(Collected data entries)
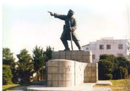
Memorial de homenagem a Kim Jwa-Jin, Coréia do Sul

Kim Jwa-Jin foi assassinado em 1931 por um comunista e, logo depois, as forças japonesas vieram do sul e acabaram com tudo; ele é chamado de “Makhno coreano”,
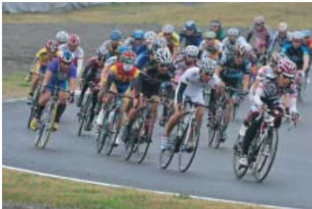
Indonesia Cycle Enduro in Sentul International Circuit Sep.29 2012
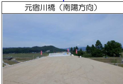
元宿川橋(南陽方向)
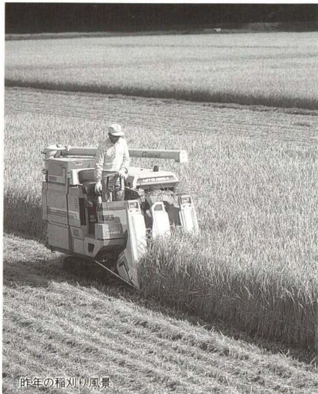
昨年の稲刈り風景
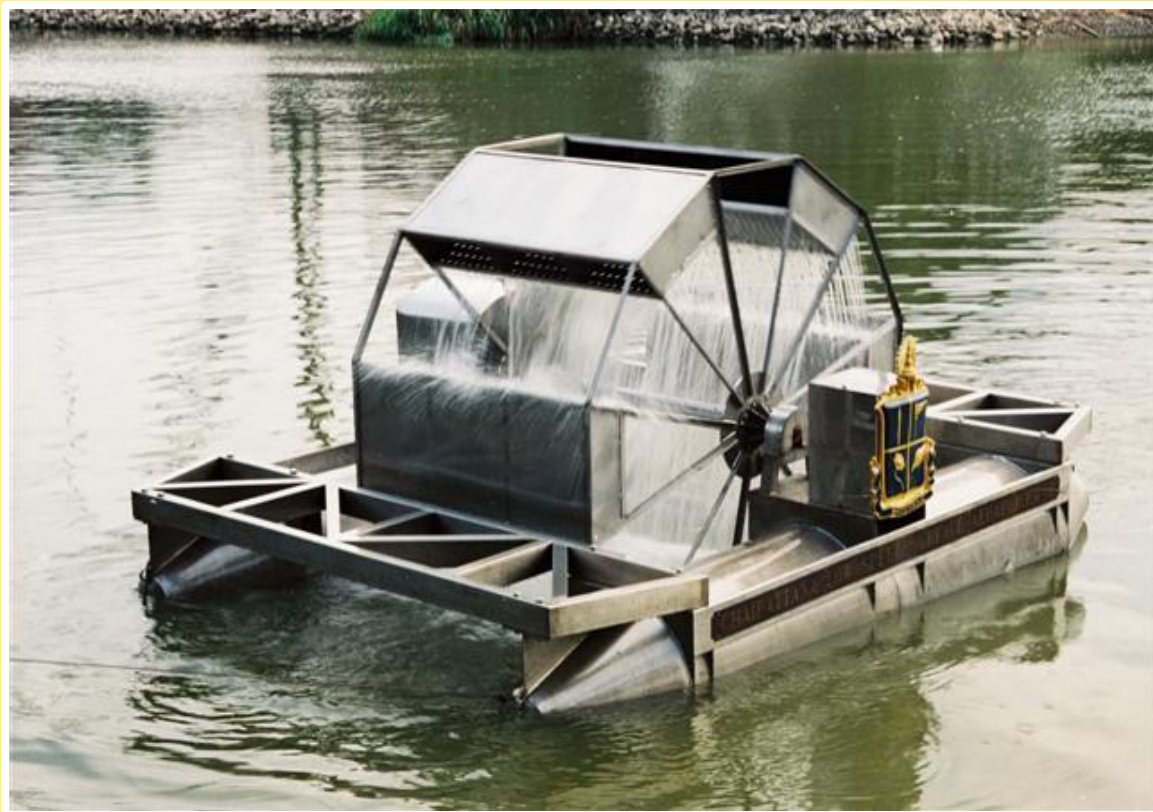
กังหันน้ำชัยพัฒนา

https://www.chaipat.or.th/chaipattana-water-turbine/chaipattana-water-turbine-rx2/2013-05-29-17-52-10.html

→ **Task goal**
Nothing but an exact copy is asked for: the lines from the start of the records through the line with "กังหันน้ำชัยพัฒนา", both ends included, minus any pictures.

→ **Output for this task**
Memorial de homenagem a Kim Jwa-Jin, Coréia do Sul

Kim Jwa-Jin foi assassinado em 1931 por um comunista e, logo depois, as forças japonesas vieram do sul e acabaram com tudo; ele é chamado de “Makhno coreano”,
Indonesia Cycle Enduro in Sentul International Circuit Sep.29 2012
元宿川橋(南陽方向)
昨年の稲刈り風景
กังหันน้ำชัยพัฒนา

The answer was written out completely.